= Menzies of Culdares =

Col. James Menzies of Culdares b.1529 d.1573, was the first of the Culdares line and son to Sir Alexander Menzies, b.1504 d.1563. The Menzies of Culdares came to prominence following the extinction of the main Menzies of Weem line in 1911. The Clan was without a Chief until Col. Ronald Steuart Menzies of Culdares, Grant of Arndilly and Stewart of Cardney, the lineal heir of Colonel James Menzies of Culdares, a prominent Covenanting officer and cousin of the first Baronet, petitioned Lyon Court in 1957 and obtained arms in the title of "The Menzies of Menzies". His grandson, Robert Ronald Menzies of Menzies is the present Chief. The title Menzies of Culdares was matriculated to his second son, Simon Menzies of Culdares, in 2006. Meggernie Castle in Glen Lyon, Perthshire was the Seat of the Culdares line

==History of Menzies of Culdares==
Scotland is indebted to the Menzies of Culdares for the introduction of the larch tree which now flourishes all over the Highlands. Menzies of Culdares, "Old Culdares", who had been pardoned for his participation in the 1715 Jacobite rising, brought the first larches from the Austrian Tyrol in 1737 and presented them to the Duke of Atholl. Two of the original saplings, now grown to a great size, can be seen beside Dunkeld Cathedral.

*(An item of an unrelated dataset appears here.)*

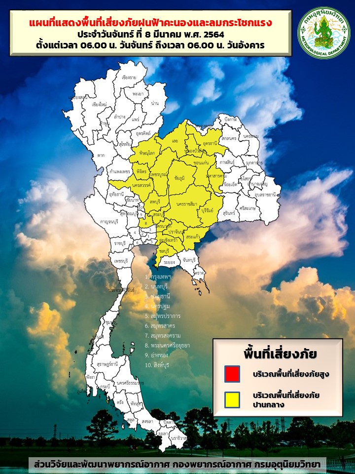 กรมอุตุนิยมวิทยา พยากรณ์อากาศ 24 ชั่วโมงข้างหน้า บริเวณความกดอากาศสูงกำลังปานกลางจากประเทศจีนได้แผ่ลงมาปกคลุมภาคตะวันออกเฉียงเหนือและทะเลจีนใต้ ในขณะที่ประเทศไทยตอนบนมีอากาศร้อน กับมีลมใต้และลมตะวันออกเฉียงใต้พัดนำความชื้นจากทะเลจีนใต้และอ่าวไทยเข้ามาปกคลุมภาคเหนือตอนล่าง ภาคตะวันออกเฉียงเหนือ ภาคกลาง และภาคตะวันออก รวมทั้งกรุงเทพมหานคร และปริมณฑล ลักษณะเช่นนี้ทำให้บริเวณประเทศไทยตอนบนมีอากาศร้อน กับมีฟ้าหลัวในตอนกลางวัน โดยมีฝนฟ้าคะนองและลมกระโชกแรงบางพื้นที่ของภาคเหนือตอนล่าง ภาคตะวันออกเฉียงเหนือ ภาคกลาง และภาคตะวันออก ส่วนภาคใต้มีฝนบางแห่ง เนื่องจากลมตะวันออกยังคงพัดปกคลุมอ่าวไทยและภาคใต้

Culdares, near Fortingall, Perthshire is the possible site of a castle or old house. It was held by the Moncreiffes, but passed to the Menzies family. Colonel James Menzies of Culdares was a Royalist officer during the Civil War in the seventeenth century and was wounded nine times in various fights. Menzies of Culdares fought for the Jacobites in the 1715 Rising, but was captured after the rebellion and was exiled to North America. He was an agricultural improver, and introduced the larch to Scotland. He was too old to take part in the 1745-46 Rising, but sent Bonnie Prince Charlie a fine horse, delivered by his servant, MacNaughton.

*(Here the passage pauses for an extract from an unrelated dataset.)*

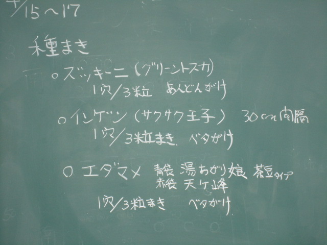 平成23年4月19日(火) 21:50 養育の日どうも最近、ニュースを見ているとイヤな気分になってしまう。福島から避難した小学生が、福島から来たと言ったら子供達が皆いなくなってしまった。とか、東京で娘さんの結婚式があるので福島から車で来たら、福島ナンバーの車はガソリンスタンドで給油してもらえない。そんな話を聞いたので、已む無く電車で来たとか。こんな話、聞いたらいやですね。一部の人だけだと思うけど、人間の風評被害はちょっとねえ。さて、今日は野菜の植え付けの話です。先ずはズッキーニの種まきです。約1ヶ月前30センチ掘って、堆肥と化学肥で準備していた畑に種まきです。グリーントスカというズッキーニの種を1穴/3粒まきです。ズッキーニは大きくなるので、十分余裕を持って広い場所を確保して有ります。そうして、あんどん掛けです。あんどん掛けといっても簡単なもので、ビニール袋の底を切って、四隅に支柱を立てます。このときビニール袋のすそを一緒に土に差し込むことにより風で煽られるのを防ぎます。更に、ビニール袋の上の持手の部分を結び、雨が入らないようにしておきます。あんどん仕立ての後は↓これは鳥除けと地温アップのためです。そのほか、インゲン(サクサク王子)を植え付け、枝豆(湯あがりむすめと天が峰)の種まきをしました。↓ さらに、2週間後の植え絵付けのための畑の準備です。ナス、パブリカ、シシトウの列は40センチの深さに掘って、肥料を入れ、トマト、キュウリの列は30センチの深さにほります。両方とも黒マルチ掛けして、地温を上げます。かなりの重労働でしたよ。2週間後にこれらを植えつけたら、春の植え付けはすべて完了することとなります。その後の野菜の状況です。↓レタスの列↓ミニ大根、葉大根の列です。以上です。↓ 今日も最後まで読んで頂き、ありがとうございました。 当ブログは、「日記(その他)ランキング」で、1700人中、只今50位前後です。 今後ともこのブログを続けたほうが良いと、仰っていただける方は、 お帰りに、下記ボタンを1日1度、ポチっと応援していただけると励みになります。 (1日1回のシジミ汁の歌が聞こえてきそう・・・なーんてネ?) ☆ いつも・・いつも、感謝・感謝の気持ちで生きてきたいものですネ! *** 明日枯れる花にも水やる心 ***じゃあ又ね!
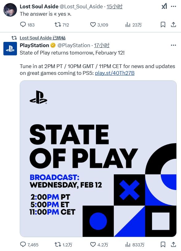 近日,索尼宣布了将于北京时间2月13日早上6点举行新一期State of Play直播的消息,之后国产动作游戏《失落之魂》在X上转发了索尼的直播公告,并在新推文中写道:“答案是肯定的”,这或许是暗示了游戏将在State of Play直播中亮相,该作此前已经确定将于2025年发售,登陆PS5和PC。

Stewart of Garth makes most honourable mention of Macnuaghton, who was in the service of Menzies of Culdares in the year 1745. That gentleman had been "out" in 1715, and was pardoned. Grateful so far, he did not join Prince Charles, but sent a fine charger to him as he entered England. The servant, Macnaughton, who conveyed the present, was taken and tried at Carlisle. The errand on which he had come was clearly proved, and he was offered pardon and life if he would reveal the name of the sender of the horse. He asked with indignation if they supposed that he could be such a villain. They repeated the offer to him on the scaffold, but he died firm to his notion of fidelity. His life was nothing to that of his master, he said.